January 10th, 2010 at 11:12 am
Dear David,
After the historical speech by Hu Jiangtao at the General Assembly of the UN last September, offering 40 to 45% reduction of CO2 intensity, Copenhagen is a disappointment. (Just like Obama’s respons at the UN GA in September was). China’s offer is really magnificent: even if they continue an economic growth of 10% for the coming decade, their per capita emissions (by 2020 7 to 8 ton/capita) are still far below the USA.
Let me take the floor to propose two alternative tracks, hopefully both will be pursued in parallel.
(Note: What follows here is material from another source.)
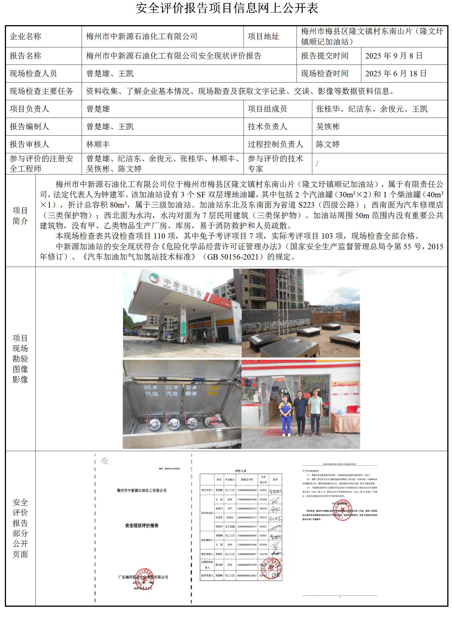 梅州市中新源石油化工有限公司安全现状评价

Plan A. Continuation of the current friendly route. American civil society (you, Al gore, Jim Hansen) have to get the message across to US Congres that:
a) their decisions on CO2 (and other GHG) emissions not only have consequences for their voters but also for the other 95% of mankind and that they are morally accountable for their (in)actions.
b) climate change depends on the GHG concentrations in the atmosphere, not current emissions: the USA has emitted three times more CO2 than China, and on a per capita basis more than an order of magnitude more. Therefore the USA has the duty to reduce their emissions now: -30% in 2020 (compared to 1990, not 20005) and -95% in 2050, without conditions on China. Of course efforts by China or any other developing country are more than welcome, but not a valid condition for the USA to take reduction measures.
I wish you, Al, Jim and other responsible Americans good luck. (Really, this is not cynically)
Plan B. Economic Sanctions.
The EU should sit together with the Japanese and Chinese to force the USA into responsible GHG behaviour through making credit to the USA CO2 dependent and by putting heavy CO2 taxes on all US imports.
I fear plan B is the only way to save the livelihood on planet Earth.
yours, ir. Jan van der Steeg, The Netherlands.